## ASSIGNED TASK:
Within the entries below, please retype exactly the lines starting with the line that has "BOSTANTEN Briefcase for" and going on through the line that has "1. Yatak Odası: Çift", but not the pictures.

## RECORDS FOR PROCESSING:
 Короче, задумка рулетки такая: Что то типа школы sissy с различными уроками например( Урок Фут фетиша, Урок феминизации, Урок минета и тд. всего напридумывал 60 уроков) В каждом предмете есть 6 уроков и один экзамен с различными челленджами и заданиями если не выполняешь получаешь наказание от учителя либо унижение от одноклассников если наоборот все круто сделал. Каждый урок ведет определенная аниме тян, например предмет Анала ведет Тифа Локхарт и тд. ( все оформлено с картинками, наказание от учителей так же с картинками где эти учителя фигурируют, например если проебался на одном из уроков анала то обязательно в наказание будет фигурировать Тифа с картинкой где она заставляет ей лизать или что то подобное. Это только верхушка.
* * *
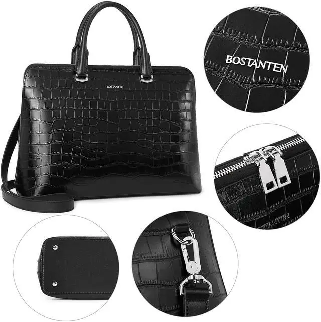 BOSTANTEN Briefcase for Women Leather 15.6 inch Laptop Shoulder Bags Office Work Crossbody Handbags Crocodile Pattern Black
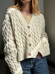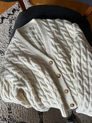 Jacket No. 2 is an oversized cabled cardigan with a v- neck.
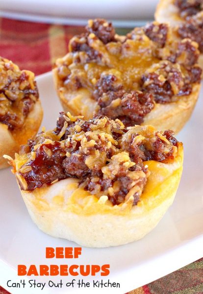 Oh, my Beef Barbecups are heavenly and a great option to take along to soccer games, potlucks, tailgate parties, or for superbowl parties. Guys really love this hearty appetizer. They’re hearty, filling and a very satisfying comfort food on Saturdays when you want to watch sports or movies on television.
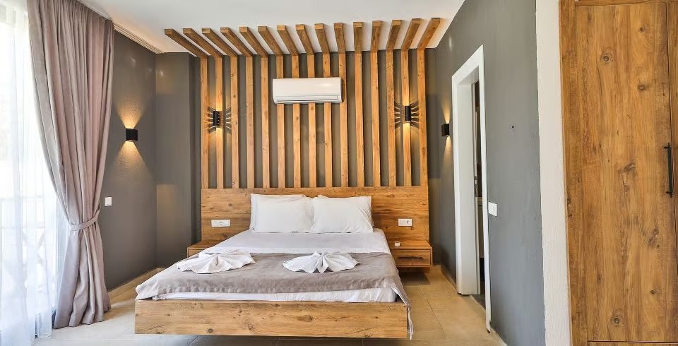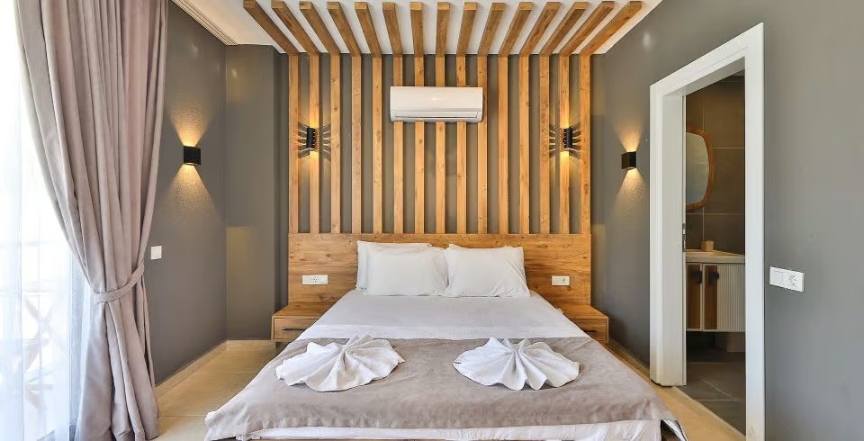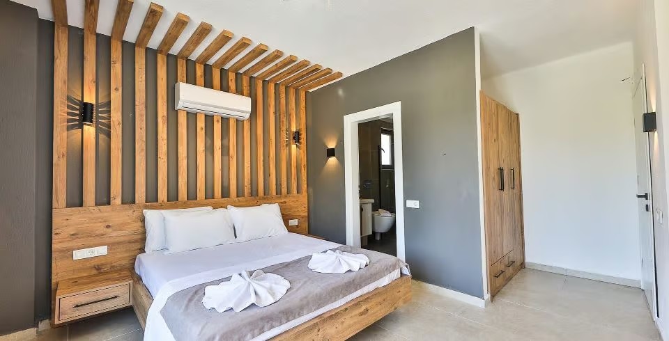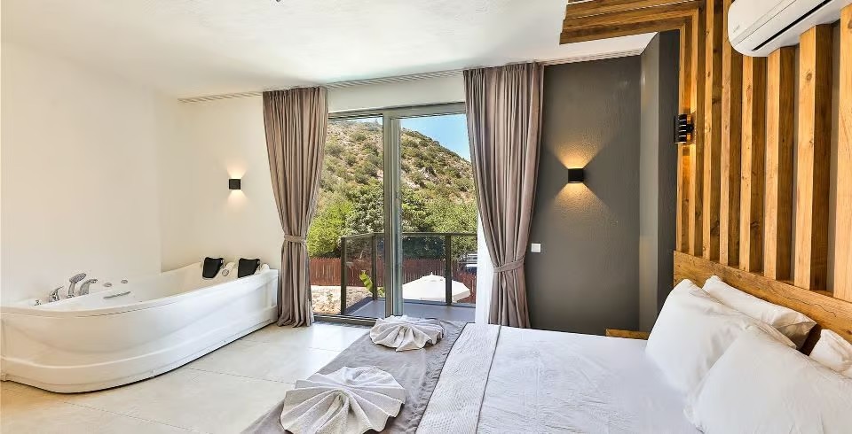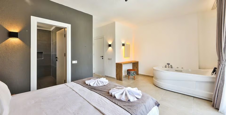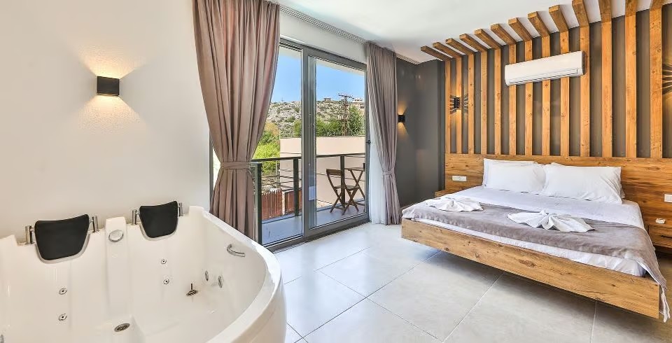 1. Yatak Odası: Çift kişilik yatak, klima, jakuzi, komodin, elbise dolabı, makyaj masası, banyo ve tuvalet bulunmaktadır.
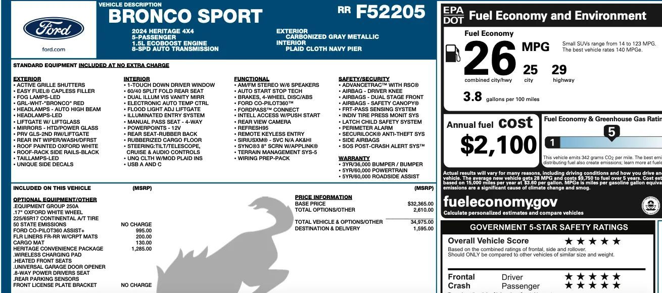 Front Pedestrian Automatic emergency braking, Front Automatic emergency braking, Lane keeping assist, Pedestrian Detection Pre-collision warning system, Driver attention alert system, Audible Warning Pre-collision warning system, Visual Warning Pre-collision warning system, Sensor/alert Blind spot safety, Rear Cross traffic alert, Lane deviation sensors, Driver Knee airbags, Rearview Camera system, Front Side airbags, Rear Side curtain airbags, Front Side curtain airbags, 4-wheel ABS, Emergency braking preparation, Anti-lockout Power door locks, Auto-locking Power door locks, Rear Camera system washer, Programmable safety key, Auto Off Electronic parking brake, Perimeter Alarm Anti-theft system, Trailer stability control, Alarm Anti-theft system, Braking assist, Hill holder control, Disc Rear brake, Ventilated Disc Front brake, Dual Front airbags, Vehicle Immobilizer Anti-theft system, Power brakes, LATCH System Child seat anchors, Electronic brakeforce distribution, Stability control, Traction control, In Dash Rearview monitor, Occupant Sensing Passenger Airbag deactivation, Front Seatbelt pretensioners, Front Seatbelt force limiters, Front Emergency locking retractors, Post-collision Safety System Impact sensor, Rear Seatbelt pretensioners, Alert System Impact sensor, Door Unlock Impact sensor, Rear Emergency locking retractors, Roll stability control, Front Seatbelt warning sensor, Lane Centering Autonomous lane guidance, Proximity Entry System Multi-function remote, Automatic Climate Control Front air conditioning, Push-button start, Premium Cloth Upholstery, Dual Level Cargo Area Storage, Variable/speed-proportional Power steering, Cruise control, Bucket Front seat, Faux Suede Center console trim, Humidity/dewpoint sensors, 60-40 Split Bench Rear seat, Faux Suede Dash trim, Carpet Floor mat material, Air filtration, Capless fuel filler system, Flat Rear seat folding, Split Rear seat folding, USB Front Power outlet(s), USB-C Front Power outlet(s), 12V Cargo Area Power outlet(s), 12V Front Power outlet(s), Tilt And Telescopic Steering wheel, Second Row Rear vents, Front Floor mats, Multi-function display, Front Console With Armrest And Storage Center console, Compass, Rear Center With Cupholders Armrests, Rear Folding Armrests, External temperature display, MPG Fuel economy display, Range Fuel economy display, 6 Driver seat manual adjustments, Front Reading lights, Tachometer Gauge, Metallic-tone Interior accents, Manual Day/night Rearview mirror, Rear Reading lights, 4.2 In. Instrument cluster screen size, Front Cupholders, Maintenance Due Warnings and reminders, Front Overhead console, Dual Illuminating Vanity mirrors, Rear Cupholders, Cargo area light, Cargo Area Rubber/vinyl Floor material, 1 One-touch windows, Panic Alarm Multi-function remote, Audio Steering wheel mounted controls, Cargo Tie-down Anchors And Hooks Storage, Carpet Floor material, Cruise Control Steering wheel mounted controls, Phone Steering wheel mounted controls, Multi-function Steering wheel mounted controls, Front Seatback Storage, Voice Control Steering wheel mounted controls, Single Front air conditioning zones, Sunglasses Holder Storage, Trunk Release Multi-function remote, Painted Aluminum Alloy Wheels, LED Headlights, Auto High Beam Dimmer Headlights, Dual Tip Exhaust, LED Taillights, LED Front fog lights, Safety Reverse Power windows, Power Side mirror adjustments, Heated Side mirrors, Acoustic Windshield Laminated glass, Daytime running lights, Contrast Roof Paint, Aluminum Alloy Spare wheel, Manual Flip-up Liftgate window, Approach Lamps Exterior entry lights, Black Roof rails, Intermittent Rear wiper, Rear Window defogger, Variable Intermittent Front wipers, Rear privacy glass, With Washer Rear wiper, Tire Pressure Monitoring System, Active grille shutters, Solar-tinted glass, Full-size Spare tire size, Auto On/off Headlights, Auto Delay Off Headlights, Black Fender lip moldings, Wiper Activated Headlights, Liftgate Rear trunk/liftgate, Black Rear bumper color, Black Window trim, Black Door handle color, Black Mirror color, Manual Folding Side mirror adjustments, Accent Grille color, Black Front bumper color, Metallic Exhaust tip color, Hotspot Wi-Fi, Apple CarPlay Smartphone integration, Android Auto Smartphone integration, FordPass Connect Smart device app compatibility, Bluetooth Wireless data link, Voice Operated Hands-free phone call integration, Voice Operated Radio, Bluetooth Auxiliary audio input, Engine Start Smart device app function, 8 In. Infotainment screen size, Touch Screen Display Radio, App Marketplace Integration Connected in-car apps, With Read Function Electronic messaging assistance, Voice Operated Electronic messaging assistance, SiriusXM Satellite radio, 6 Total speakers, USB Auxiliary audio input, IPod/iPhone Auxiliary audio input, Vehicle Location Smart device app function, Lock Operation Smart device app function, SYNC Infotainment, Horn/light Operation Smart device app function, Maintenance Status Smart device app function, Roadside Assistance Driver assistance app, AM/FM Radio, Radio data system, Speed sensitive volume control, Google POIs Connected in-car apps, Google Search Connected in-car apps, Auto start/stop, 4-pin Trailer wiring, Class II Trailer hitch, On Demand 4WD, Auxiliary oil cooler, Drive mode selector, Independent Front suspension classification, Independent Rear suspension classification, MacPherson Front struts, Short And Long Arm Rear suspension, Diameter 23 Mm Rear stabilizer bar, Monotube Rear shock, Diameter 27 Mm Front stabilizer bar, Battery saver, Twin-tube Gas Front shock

## COMPLETED EXERCISE:
 BOSTANTEN Briefcase for Women Leather 15.6 inch Laptop Shoulder Bags Office Work Crossbody Handbags Crocodile Pattern Black
 Jacket No. 2 is an oversized cabled cardigan with a v- neck.
 Oh, my Beef Barbecups are heavenly and a great option to take along to soccer games, potlucks, tailgate parties, or for superbowl parties. Guys really love this hearty appetizer. They’re hearty, filling and a very satisfying comfort food on Saturdays when you want to watch sports or movies on television.
 1. Yatak Odası: Çift kişilik yatak, klima, jakuzi, komodin, elbise dolabı, makyaj masası, banyo ve tuvalet bulunmaktadır.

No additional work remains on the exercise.